🤖 AI Summary
This work addresses the challenges of multi-user signal overlap and command unit boundary detection in asynchronous, grant-free random access for indoor controller-to-controller (C2C) networks. The paper proposes a deep learning-based receiver architecture that, for the first time, employs a convolutional neural network (CNN) to jointly detect preamble and tail sequences in an end-to-end manner. It innovatively enhances tail detection accuracy by integrating LDPC decoding soft information with channel estimates, and combines this with successive interference cancellation (SIC) to enable efficient multi-user decoding. Under high-load and uncoordinated transmission conditions, the proposed method significantly improves boundary detection accuracy and achieves an extremely low end-to-end packet loss rate.
📝 Abstract
In this paper, we study grant-free, asynchronous control-to-control (C2C) communications in an indoor scenario with a shared wireless channel.

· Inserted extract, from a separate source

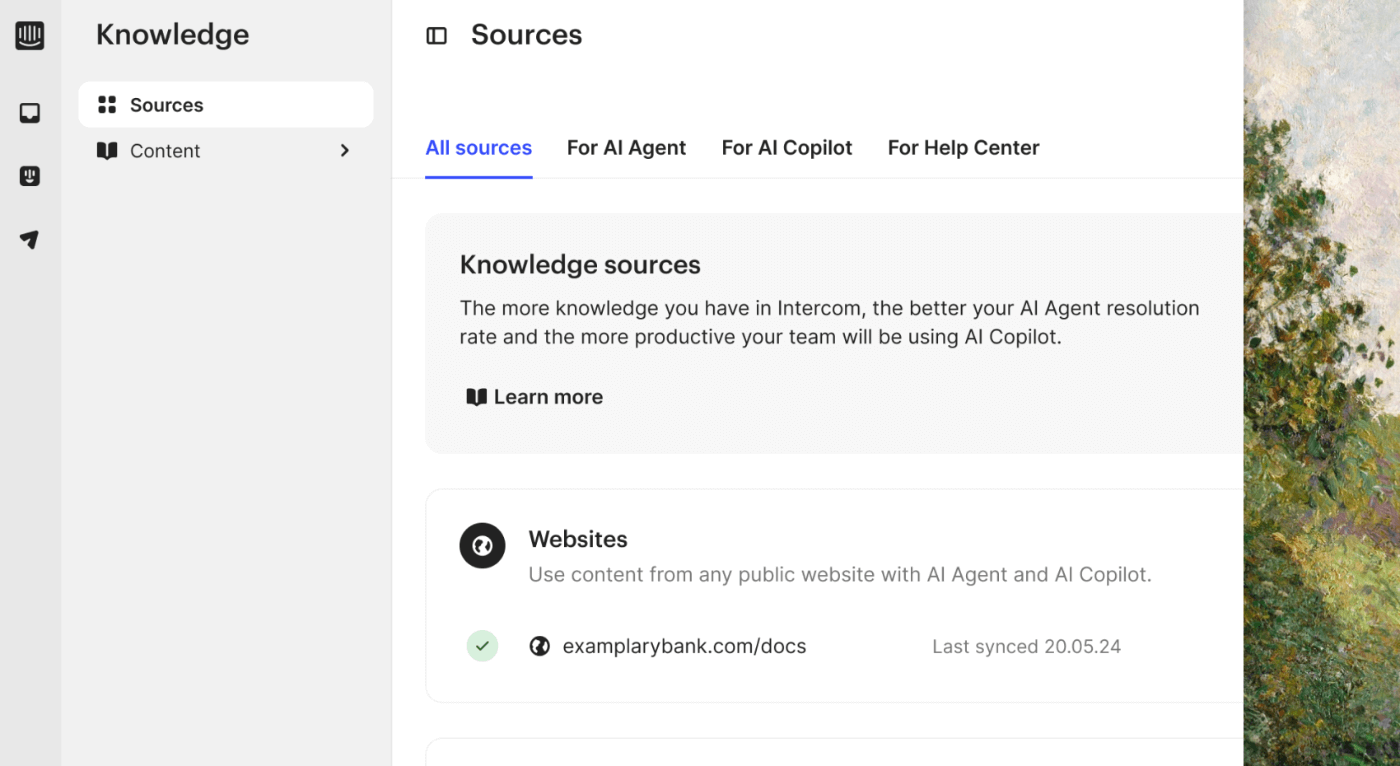 You can also configure content for AI Agent and your help center in the Knowledge Hub. And you can easily enable or disable content sources for Fin to use before saving.
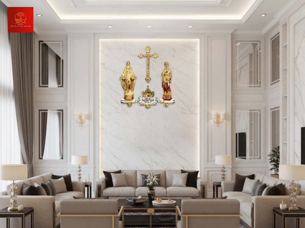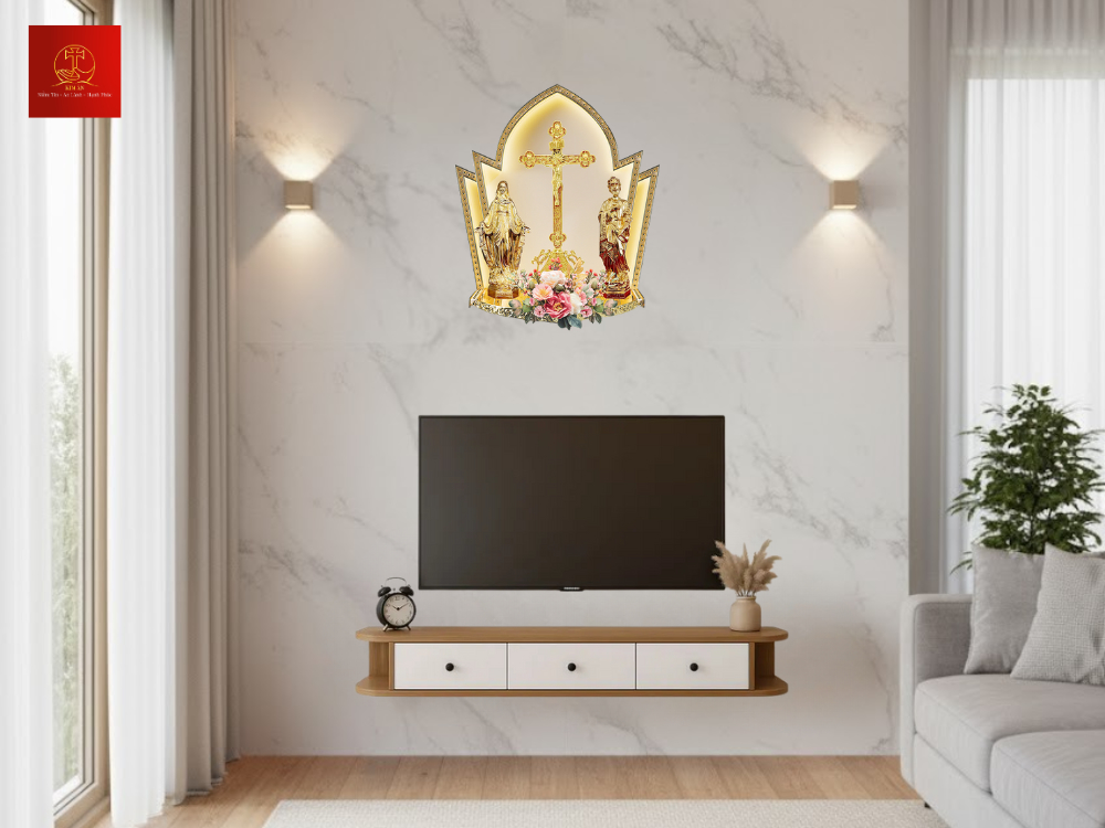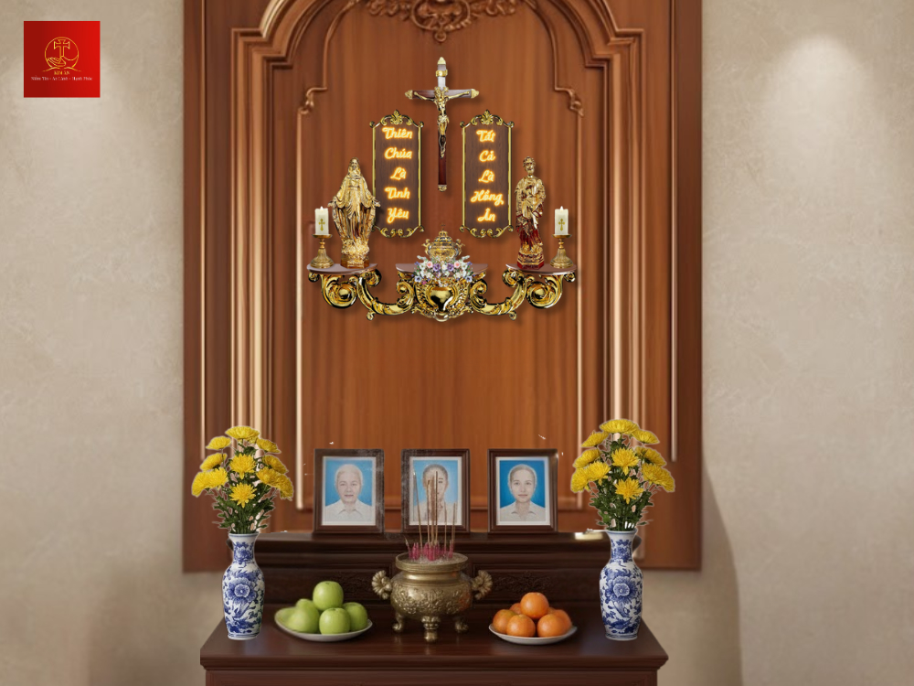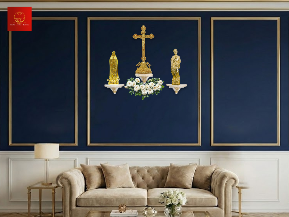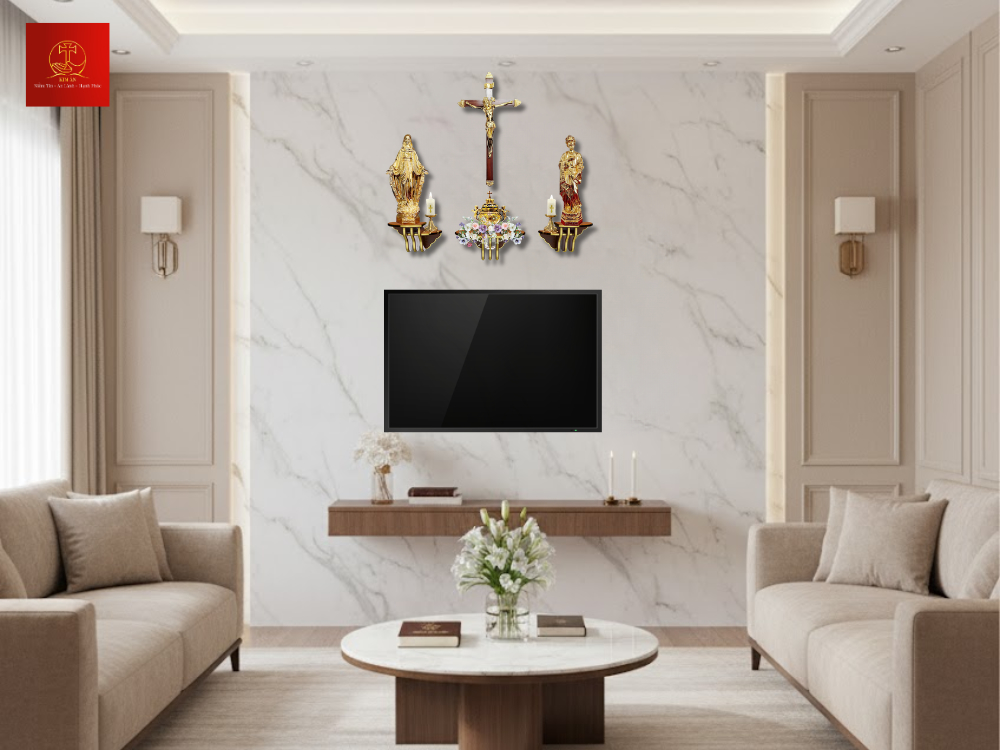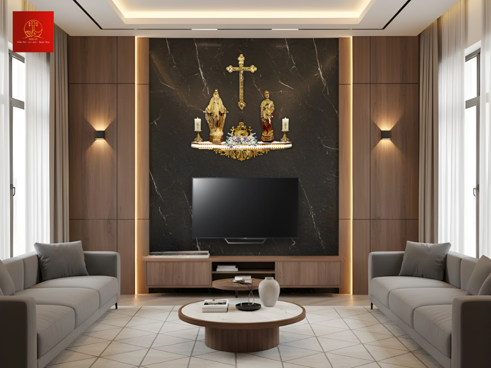Bàn thờ Công giáo treo tường nhỏ gọn, giải pháp tối ưu cho phòng khách chung cư hiện đại.

Each communication node transmits command units, each consisting of a variable-length low-density parity-check (LDPC)--coded payload preceded by a start sequence and followed by a tail sequence. Due to the asynchronous nature of the access, transmissions from different nodes are not aligned over time. As a result, each receiving controller observes the superposition of multiple command units transmitted by different nodes over a receiver-defined superframe interval. Each node transmits one or more replicas of the same command unit. We propose a receiver architecture in which the detection of command unit boundaries (start/tail sequences) is carried out by a single convolutional neural network (CNN) operating directly on the received signal. We show that, while start-sequence detection must rely only on the received waveform, tail-sequence detection can additionally exploit the soft information produced by the LDPC decoder, together with channel estimates. Finally, once commands units are successfully decoded, successive interference cancellation (SIC) can be applied. Simulation results demonstrate that the receiver we propose achieves reliable packet-boundary identification and a low end-to-end packet loss rate, even under uncoordinated and high-traffic operating conditions.